Le projet de loi ne se limite pas à ces enjeux sociaux. On y trouve également des mesures en matière de défense nationale, de sécurité aux frontières et d’immigration. Le texte prévoit notamment un renforcement de la frontière entre le Mexique et les États-Unis, ainsi que la construction de nouvelles centres de détention pour les personnes migrantes, ce qui suscite une controverse supplémentaire.
Que disent les sondages ?
D’après le média Newsweek, l’opposition à cette loi a progressé de 10 points depuis l’officialisation du projet par le président Trump en avril dernier. À cette époque, son taux d’approbation était relativement équilibré, avec 41 % des sondés manifestant leur désaccord contre seulement 28 % en faveur. Cependant, plusieurs enquêtes d’opinion à travers tout le pays ont depuis publié leurs résultats, qui révèlent un décalage croissant entre la perception de l’opinion américaine et le soutien apporté à ce projet de loi.
Les enquêtes se suivent et ne se ressemblent pas forcément, mais toutes montrent une tendance claire : la majorité des Américains se disent préoccupés par cette législation et ses impacts potentiels. Voici quelques-uns des résultats des principales études de ceux qui expriment leur ressenti sur le sujet :
- L’économiste / YouGov : 42 % d’opinions favorables, 54 % défavorables
- Silver Bulletin : 45 % favorables, 52 % défavorables
- Rasmussen : 49 % de soutien, 48 % d’opposition
- Navigator Research : 47 % favorable, 52 % défavorable (avec 61 % disant que la situation économique va mal)
- Quantus Insights : 47 % en faveur, 49-50 % contre
- Morning Consult : 47 % favorable, 50 % défavorable
- Université Quinnipiac : 41 % d’approbation, 54 % de désapprobation
- Reuters / Ipsos : 41 % en faveur, 57 % contre
- Gallup : 40 % d’opinion positive, 57 % négative
- Cygnal : 47 % de soutien, 51 % d’opposition
Ces chiffres illustrent une tendance préoccupante pour l’administration Trump, montrant que la majorité des Américains ne soutiennent pas la nouvelle législation.

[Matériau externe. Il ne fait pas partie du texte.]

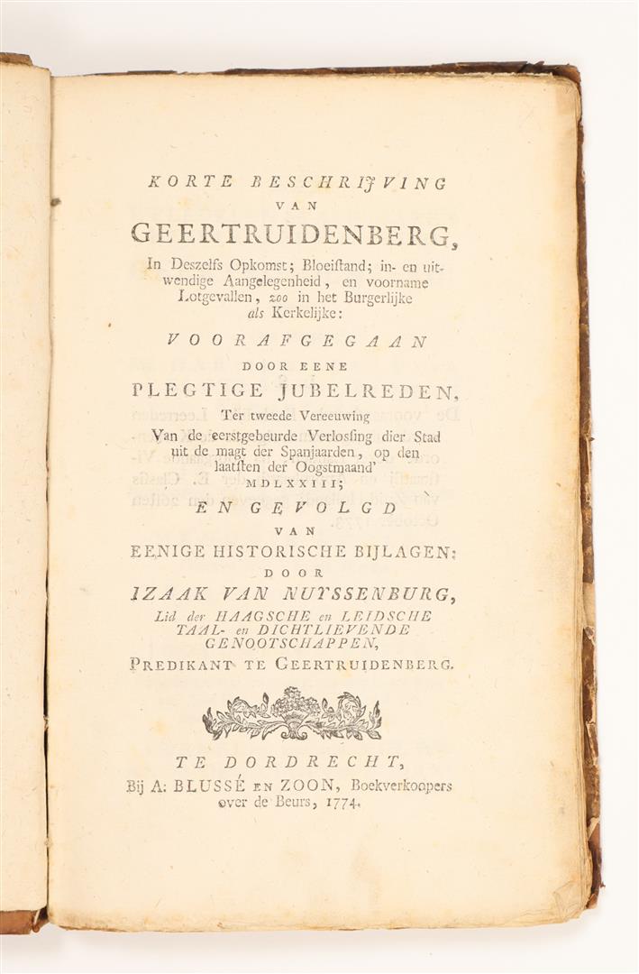 Rubbed at extremities, else in good condition. Description of the city of Geertruidenberg and it's (ecclesiastical history). The 2nd work is a collection of sonnets and poetry on the history of Geertruidenberg.

Le président Trump affiche l’un des plus faibles taux d’approbation de l’histoire présidentielle
Selon le journal Democrat & Chronicle, ces résultats de sondages mettent en évidence que les préoccupations majeures des citoyens américains tournent actuellement autour de l’inflation, de la gestion de l’économie et de la santé publique. La perception de la performance du président est donc fortement influencée par ces enjeux cruciaux.

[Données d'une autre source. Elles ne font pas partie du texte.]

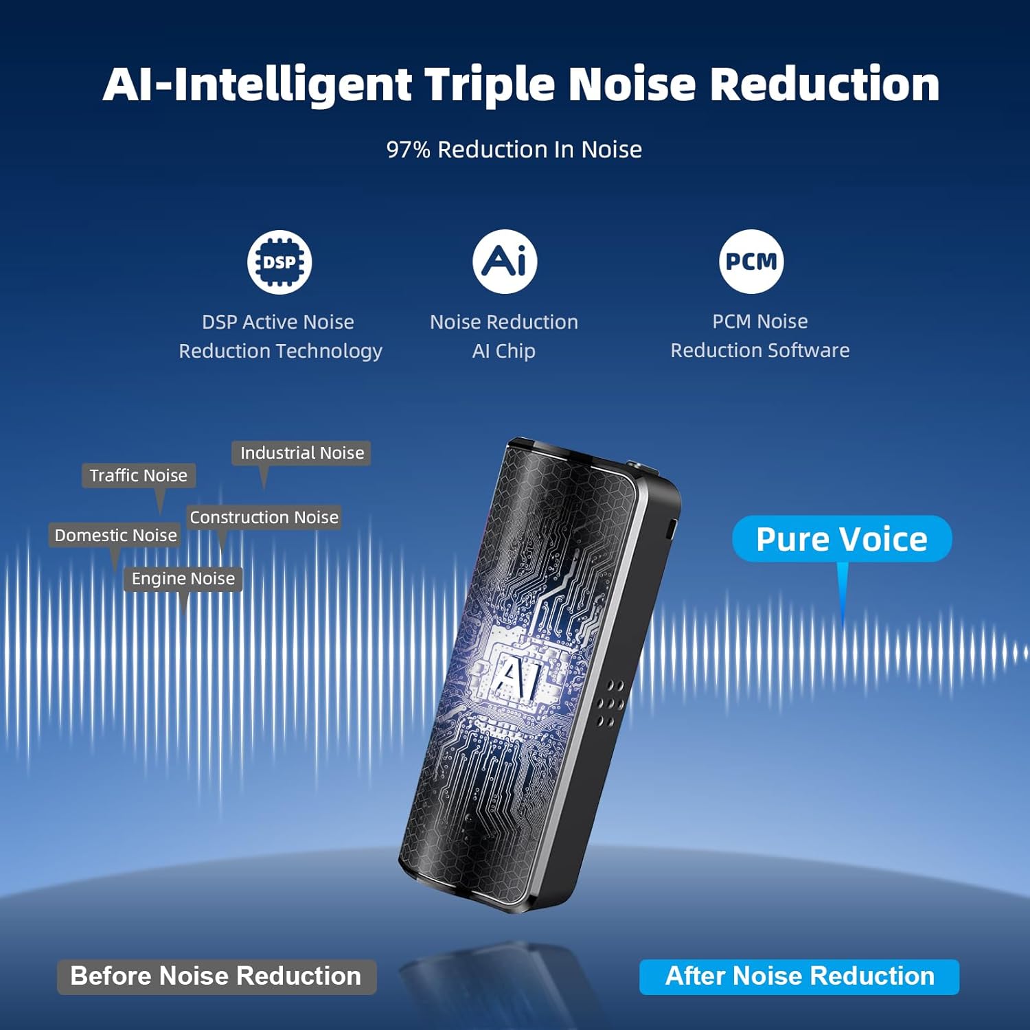 • КАЧЕСТВО НА ЗАПИС Този мини диктофон е оборудван с микрофон за намаляване на шума и използва интелигентна PCM технология за намаляване на шума, за да записва звук на 360° и да улавя шум от по-голямо и от по-малко разстояние. Получавате кристално чист, висококачествен стерео звук със 1536 kbps. Отличното качество на звука отговаря на изискванията на студенти, журналисти, меломани и много други.

Plusieurs facteurs expliquent la fluctuation des taux de popularité d’un président. D’après la chaîne ABC News, ces chiffres peuvent évoluer à tout moment en fonction de la manière dont le chef de l’État et son gouvernement gèrent les crises, mettent en œuvre leurs politiques ou réagissent aux circonstances. En juin, une autre enquête menée par Gallup a révélé que Donald Trump affichait un taux d’approbation de seulement 40 % lors de ses première et seconde années à la Maison Blanche, ce qui en fait le plus faible de tous les présidents américains dans leurs premières années de mandat.
Voici un aperçu de l’état de santé politique des présidents américains lors de leur premier année en fonction (en juin) :
- Joe Biden (juin 2021) : 56 % d’approbation
- Donald Trump (juin 2017) : 38 % d’approbation
- Barack Obama (juin 2009) : 61 % d’approbation
- George W. Bush (juin 2001) : 54 % d’approbation
- Bill Clinton (juin 1993) : 41 % d’approbation
- George H. W. Bush (juin 1989) : 70 % d’approbation
- Ronald Reagan (juin 1981) : 59 % d’approbation
- Jimmy Carter (juin 1977) : 63 % d’approbation
- Richard Nixon (juin 1969) : 63 % d’approbation
- John F. Kennedy (juin 1961) : 73 % d’approbation
Ces chiffres confirment que la popularité de Trump lors de ses premiers pas à la présidence est actuellement l’une des plus faibles de l’histoire récente, reflétant une méfiance croissante de la part de l’opinion publique face à ses décisions et à ses politiques.